Gorgeous. Love it, but It needs to fit in a suitcase and not cost extra.


----------



## buck-50 (Sep 20, 2005)

Dave Hickey said:


> Check out the Swift folder. I've owned various Dahon and BF models...
> 
> I bought a Swift folding frame and added my own parts...
> 
> I only use my Swift for traveling.. It has the best "big" bike feel IMHO


Good to know! 

I'm hopefully going to try a Dahon this weekend, but the swift is looking pretty good right now- it's cheap, it's well reviewed and it's simple to build.

If you don't mind me asking, how hard is it to get the swift into a suitcase? I've heard some suggest the frame needs to be taken apart, others say less.


----------



## rmp (Aug 25, 2004)

buck-50 said:


> Gorgeous. Love it, but It needs to fit in a suitcase and not cost extra.


Came with an airline size friendly soft case from Pika Packworks and went back and forth to Cali and Colorado a few times with no extra charges. When they asked what it was, I said "bike parts". Airline guys didn't blink. To the untrained eye it looked like bike parts.

That was probably one of the last US built Slingshot road bikes too if I had to guess. It was made for Dan Koeppel to ride for an article, I bought it from them after he sent it back. I never could find the article that was "supposed" to exist.

rmp


----------



## Dave Hickey (Jan 27, 2002)

buck-50 said:


> Good to know!
> 
> I'm hopefully going to try a Dahon this weekend, but the swift is looking pretty good right now- it's cheap, it's well reviewed and it's simple to build.
> 
> If you don't mind me asking, how hard is it to get the swift into a suitcase? I've heard some suggest the frame needs to be taken apart, others say less.



As long as you take off both wheels; the folded frame, wheels, etc... fits into my Bike Friday suitcase( Samsonite F'lite) The case is right at the size limit.. I don't have the exact dims but it's the 30" F'lite case. It's tight but I could do it without removing the fork. Others have said the fork needs to be removed but I think it depends on the case used...


----------



## Dave Hickey (Jan 27, 2002)

buck-50 said:


> Good to know!
> 
> I'm hopefully going to try a Dahon this weekend, but the swift is looking pretty good right now- it's cheap, it's well reviewed and it's simple to build.
> 
> If you don't mind me asking, how hard is it to get the swift into a suitcase? I've heard some suggest the frame needs to be taken apart, others say less.


Here is my Swift in Florida last year. It was set up as fixed but the frame is very versatile. The bike is a blast to ride.. I should also add that I'm running larger 451 size wheels rather than the 20" standard of 406 and I can still fit everything in the case


----------



## Ken2 (Jan 30, 2004)

*+1 on Swift*

Like Dave H I also have a Swift FG folder.

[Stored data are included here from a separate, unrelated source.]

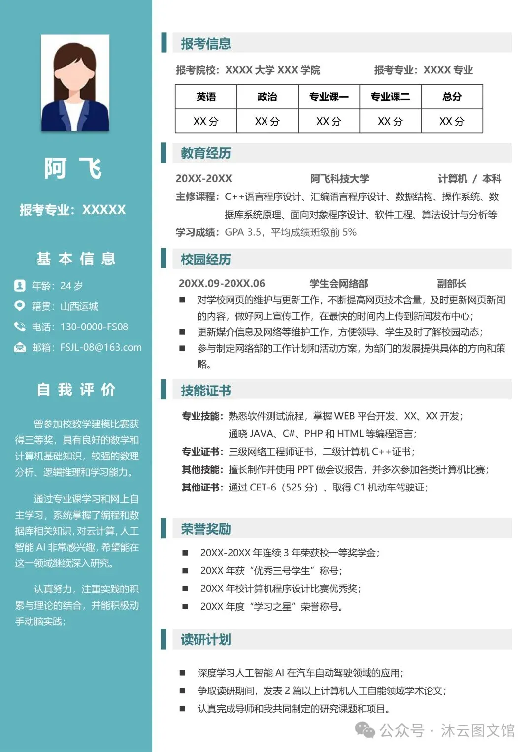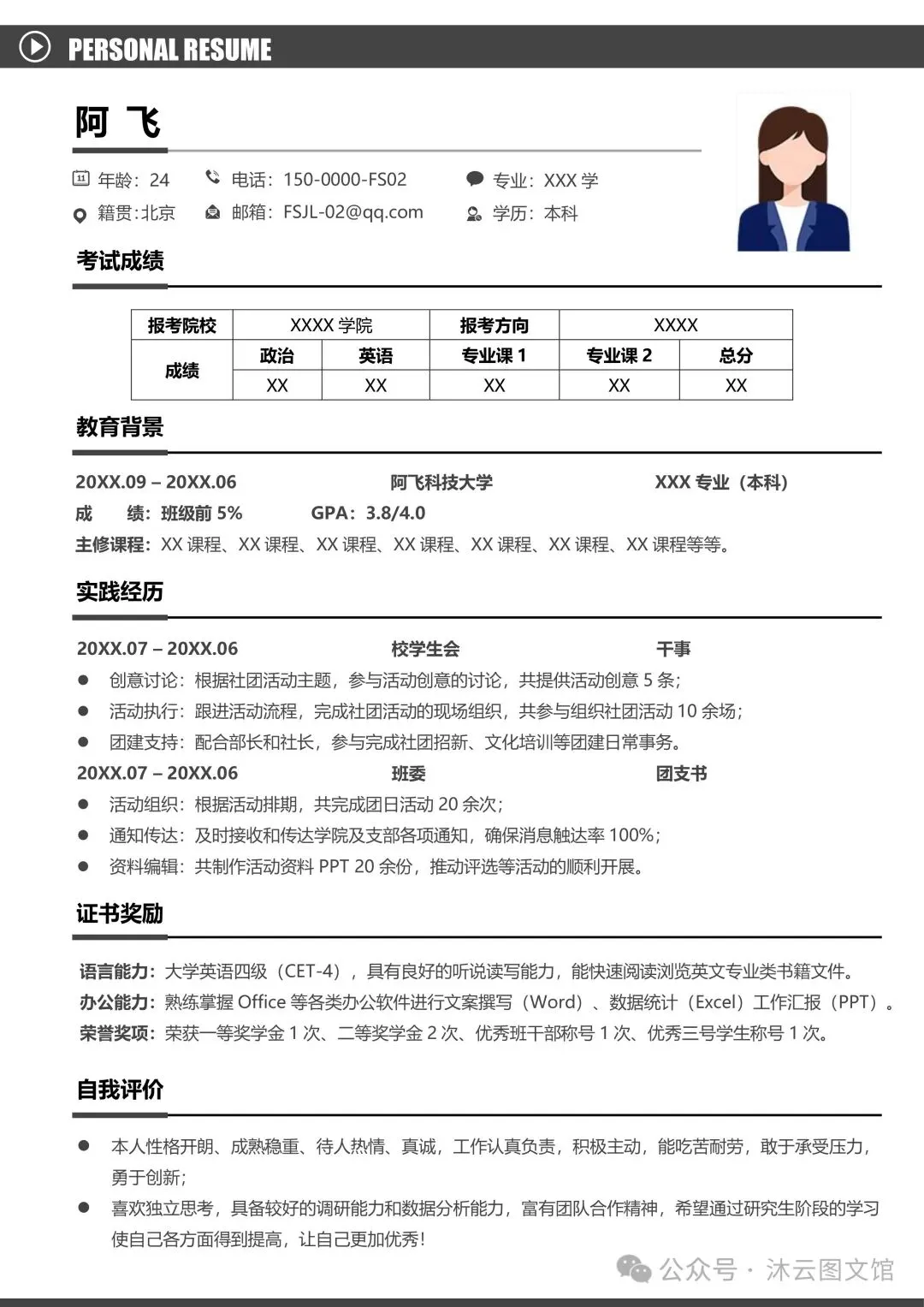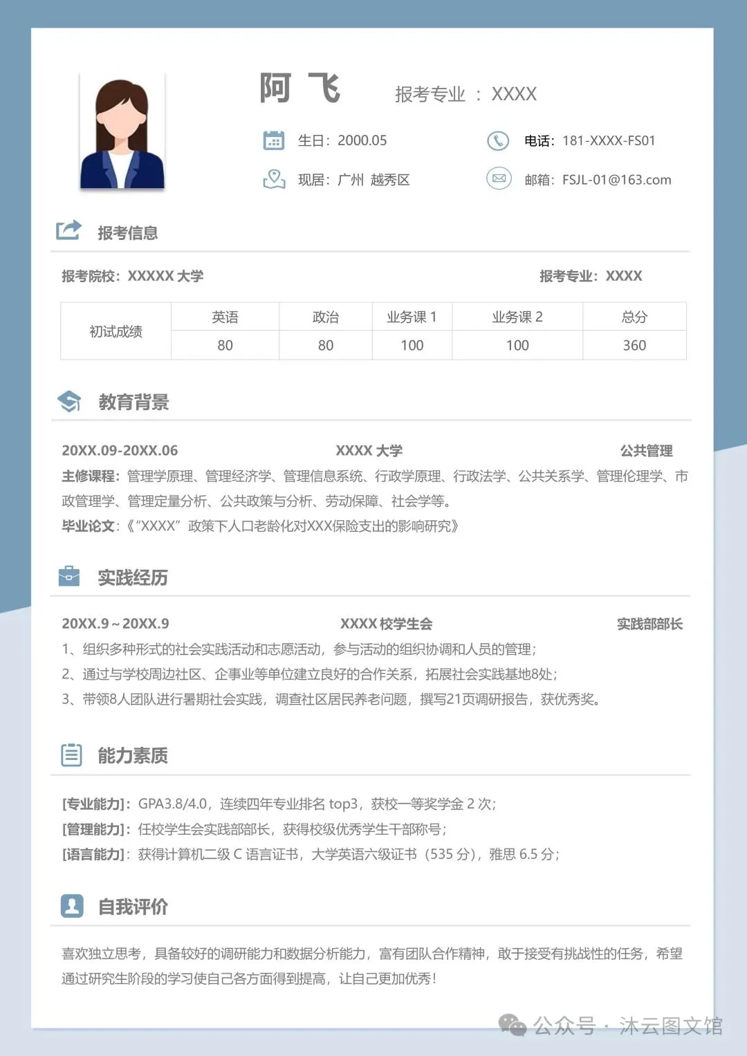 🌟📚 超简约清新单页研究生面试复试必备简历!🐎📖
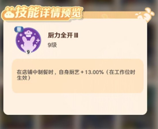 另一项强力技能为厨艺交响,属于团队增益型主动技能。当店铺进入忙碌阶段,玩家可手动激活此技能,使店内所有店员的厨艺值立即提升150点。这一加成效果显著,尤其适用于应对连续高难度订单或限时挑战任务。配合皮皮自身的高厨艺基础,整个厨房的出餐速度和菜品品质都会迎来质的飞跃。此外,皮皮每次完成烹饪后,自身厨艺还会额外增长13%,形成良性循环,进一步巩固其在厨房中的核心地位。
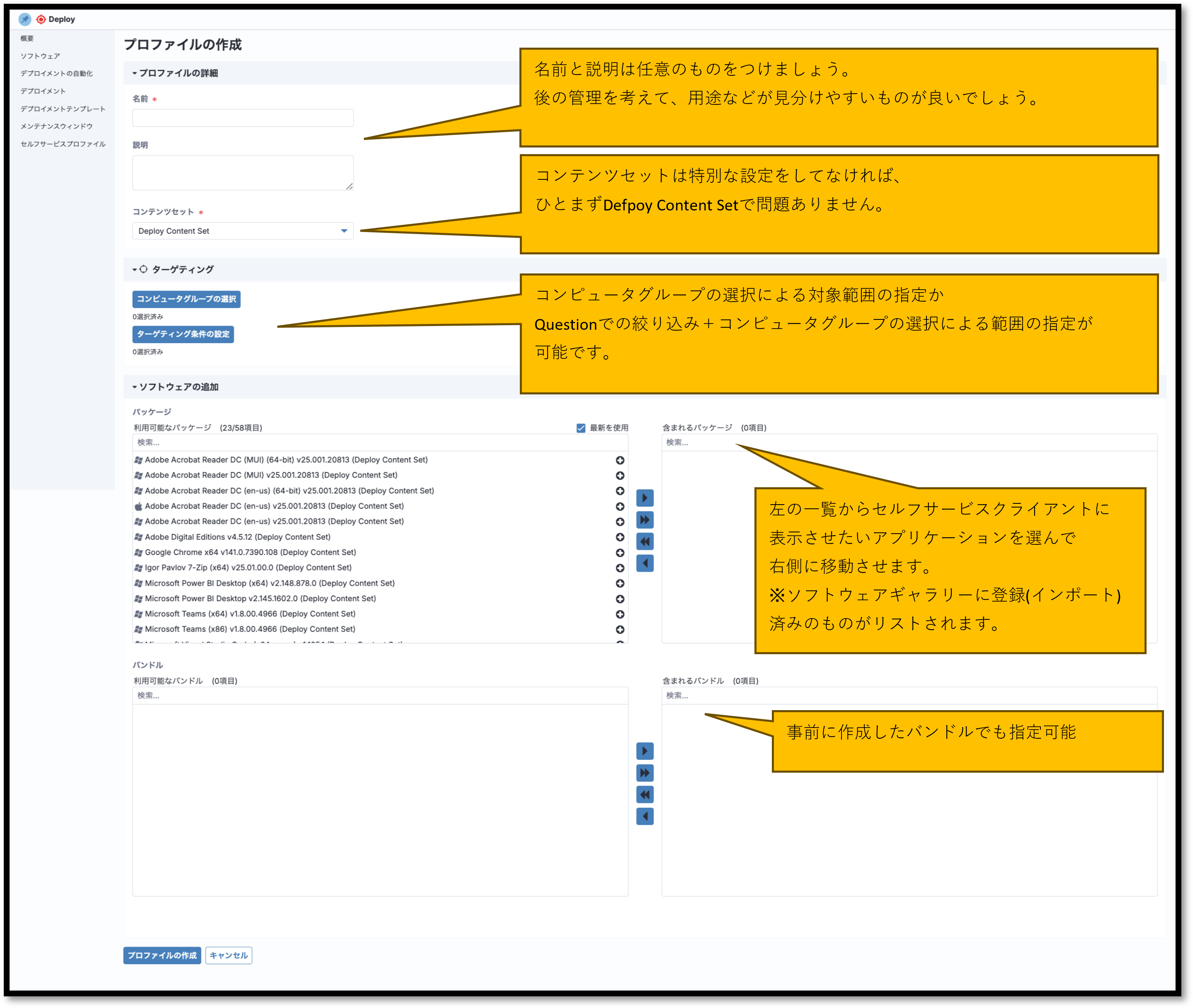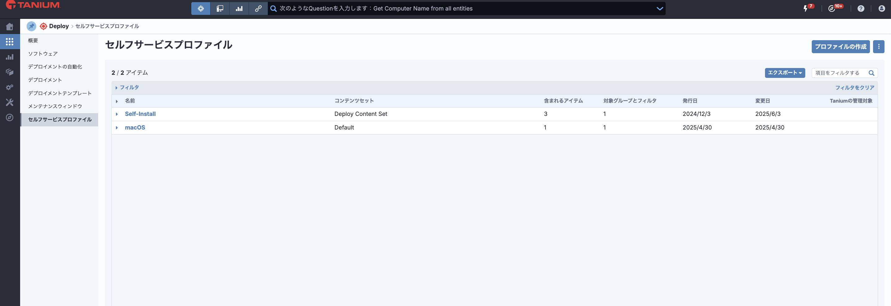 まずは左のメニューから[Module > Deploy > セルフサービスプロファイル]へ遷移しましょう。![]()
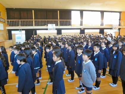 本日(1月7日)第3学期始業式が午前8時50分からありました。10分前の8時40分に、講堂に静かに入室した学級を見ていると、「ウムウム!これは、今学期も楽しみ」と思っていました。しかし、後から後から入ってくる子どもたちは、2学期終業式に比べ、話し声も聞こえ、ザワザワした雰囲気で残念でした。でもでもでも、そのことを指摘すると、シーンとなり、普段の吉野小学校の朝会にもどり、いいスタートがきれました。

I recommend talking to the inventor, Peter Reich, who still builds the original Swift from steel in his Brooklyn shop. He licensed the design to Xootr who manufacture their version out of aluminum in Taiwan. You can email him via a link on the Xootr site ([email protected]).

I wound up getting the Xootr frame built up by Peter as a fixed gear with my choice of components, plus I had him delete a few items from the build that I already had (pedals, bars, stem, saddle). Total cost was around $750 with some nice components and Peter's handbuilt 406 wheels.

You can buy the Samsonite suitcase from ebay for around $130 or so. You do have to remove the wheels--I have mine on QR so no tools required. The Xootr has all matching special QRs for the frame and steerer column which makes the breakdown quick. In case you didn't see it, here is the link on their website showing the step-by-step to pack it:
http://www.xootr.com/swift-suitcase-packing-instructions.html

Attached is a photo of me on the Xootr--I call it my clown bike. It weighs around 20 lbs. and rides surprisingly similarly to my regular FG, a Surly CrossCheck. In fact in some ways it's better--the light wheels and tires spin up amazingly fast!

Also attached a photo of my bike packed into the case. I recommend adding a crush tube. Mine is made out of plywood ends plus a section of PVC pipe.


----------



## buck-50 (Sep 20, 2005)

Pretty certain I'm just gonna go with the swift frame- The more I see, the incredible flexibility of the swift just makes sense for me.

Figure I don't really know what I'm doing, so a bike I can try many different setups on makes a lot of sense. 

Probably start building in August.


----------



## yeti (Apr 14, 2007)

Check out Strida Bikes.


----------



## buck-50 (Sep 20, 2005)

yeti said:


> Check out Strida Bikes.


Yeah, not so much what I'm looking for- thanks for the idea.

The reviews I've read on the Stridas is that they're OK for a couple miles, but nothing you'd want to spend a couple hours on.


----------